AT THE CLOSE OF THE CANVASS
by: Ambrose Bierce (1842-1914)
- 'WAS
a Venerable Person, whom I met one Sunday morning,
- All appareled as a prophet of a melancholy sect;
- And in a Jeremiad of objurgatory warning
- He lifted up his jodel to the following effect:
-
- "O ye sanguinary statesmen, intermit your verbal tussles!
- O ye editors and orators, consent to hear my lay!
- Rest a little while the digital and maxillary muscles
- And attend to what a Venerable Person has to say.
-
- "Cease your writing, cease your shouting, cease your
wild unearthly lying;
- Cease to bandy such expressions as are never, never found
- In the letter of a lover; cease "exposing" and
"replying"
- Let there be abated fury and a decrement of sound.
-
- "For to-morrow will by Monday and the fifth day of November--
- Only day of opportunity before the final rush.
- Carpe diem! go conciliate each person who's a member
- Of the other party--do so while you can without a blush.
-
- "Lo! the time is close upon you when the madness of
the season
- Having howled itself to silence like a Minnesota 'clone,
- Will at last be superseded by the still, small voice of reason,
- When the whelpage of your folly you would willingly disown.
-
- "Ah, 'tis mournful to consider what remorses will be
thronging,
- With a consciousness of having been so ghastly indiscreet,
- When by accident untoward two ex-gentlemen belonging
- To the opposite political denominations meet!
-
- "Yes, 'tis melancholy, truly, to forecast the fierce,
unruly
- Supersurging of their blushes, like the flushes upon high
- When Aurora Borealis lights her circumpolar palace
- And in customary manner sets her banner in the sky.
-
- "Each will think: 'This falsifier knows that I too am
a liar.
- Curse him for a son of Satan, all unholily compound!
- Curse my leader for another!
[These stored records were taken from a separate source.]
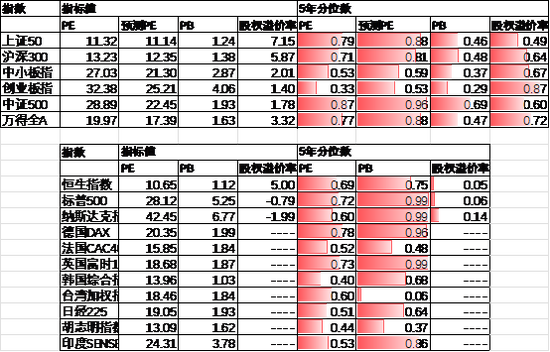近期万得全A预测PE17.39倍,处于88%分位水平,股权溢价率3.32%,处于72%分位水平。市场估值分位数位于中性区间。
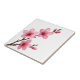 Este azulejo de cerâmica fofa apresenta bonito floração de cereja cor-de-rosa em fundo branco. As belas pétalas cor-de-rosa do florescente galho japonês são consideradas um símbolo de esperança e são conhecidas como encantos de boa sorte para novos começos.
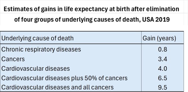 These differences may not seem particularly large to many so I have put them into context by doing some disease elimination calculations for the USA. Using the USA national life table for the year 2019 together with estimates of the cause of death distributions by age and sex for the USA in 2019 (taken from the IHME GBD2019 study data available here), I estimated the increase in US life ex, not quite pectancy resulting from the elimination of deaths for particular causes across all age groups. The results are summarized in the table below for selected causes.
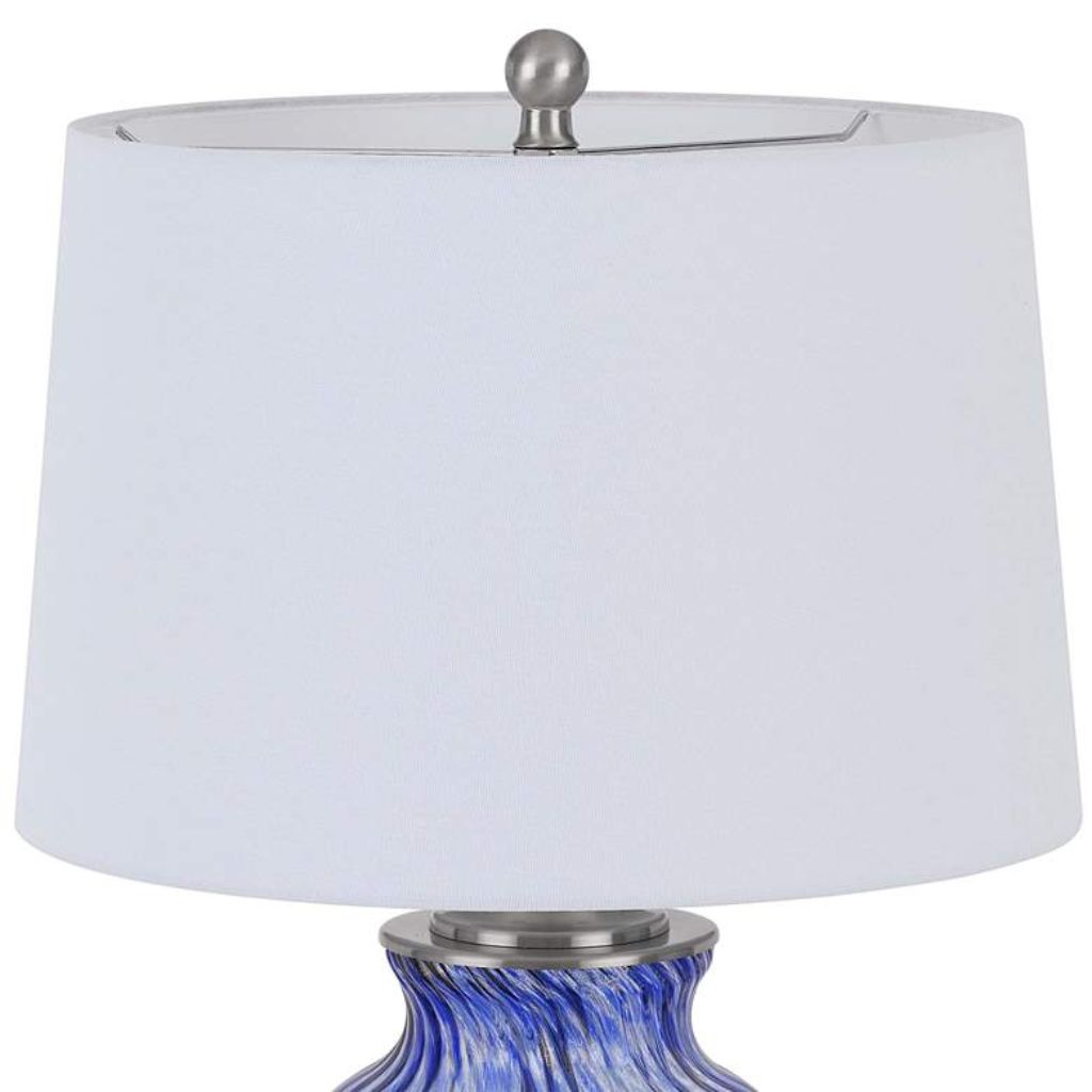 - Color/Finish: Sky blue glass, brushed steel frame and finial, white linen shade

Curse that pelican, my mother!
- Would to God that I when little in my victual had been drowned!'"
-
- Then that venerable warner disappeared around a corner,
- And the season of unreason having also taken flight,
- All the cheeks of men were burning like the skies to crimson
turning
- When Aurora Borealis fires her premises by night.
"At the Close of the Canvass"
is reprinted from The Collected Works of Ambrose Bierce Vol.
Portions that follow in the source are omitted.